And they are developed in separate projects and can be used independently from each other.

However, scaling your cluster requires fine-tuning the setting of the autoscalers so that they work in concert.

Let's have a look at an example.

When autoscaling pods goes wrong

Imagine having an application that requires and uses 1.5GB of memory and 0.25 vCPU at all times.

You provisioned a cluster with a single node of 8GB and 2 vCPU — it should be able to fit four pods perfectly (and have a little bit of extra space left).

A single node cluster with 8GB of memory and 2 vCPU

You deploy a single Pod and set up:

An Horizontal Pod Autoscaler adds a replica every 10 incoming requests (i.e. if you have 40 concurrent requests, it should scale to 4 replicas).
A Cluster Autoscaler to create more nodes when resources are low.

The Horizontal Pod Autoscaler can scale the replicas in your deployment using Custom Metrics such as the queries per second (QPS) from an Ingress controller.

You start driving traffic 30 concurrent requests to your cluster and observe the following:

The Horizontal Pod Autoscaler starts scaling the Pods.
Two more Pods are created.
The Cluster Autoscaler doesn't trigger — no new node is created in the cluster.

It makes sense since there's enough space for one more Pod in that node.
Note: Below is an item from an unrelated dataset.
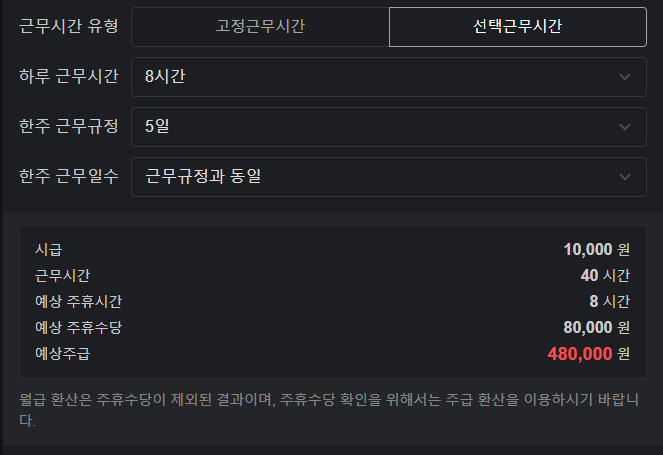 주휴수당 = (40시간÷ 40시간) x 8시간 x 10,000원 = 80,000원

You further increase the traffic to 40 concurrent requests and observe again:

The Horizontal Pod Autoscaler creates one more Pod.
The Pod is pending and cannot be deployed.
The Cluster Autoscaler triggers creating a new node.
The node is provisioned in 4 minutes. After that, the pending Pod is deployed.

1/2
When you scale to four replicas, the fourth replicas isn't deployed in the first node. Instead, it stays "Pending".
Next
2/2
Previous
The autoscaler creates a new node, and the pod is finally deployed.

Why is the fourth Pod not deployed in the first node?

Pods deployed in your Kubernetes cluster consume resources such as memory, CPU and storage.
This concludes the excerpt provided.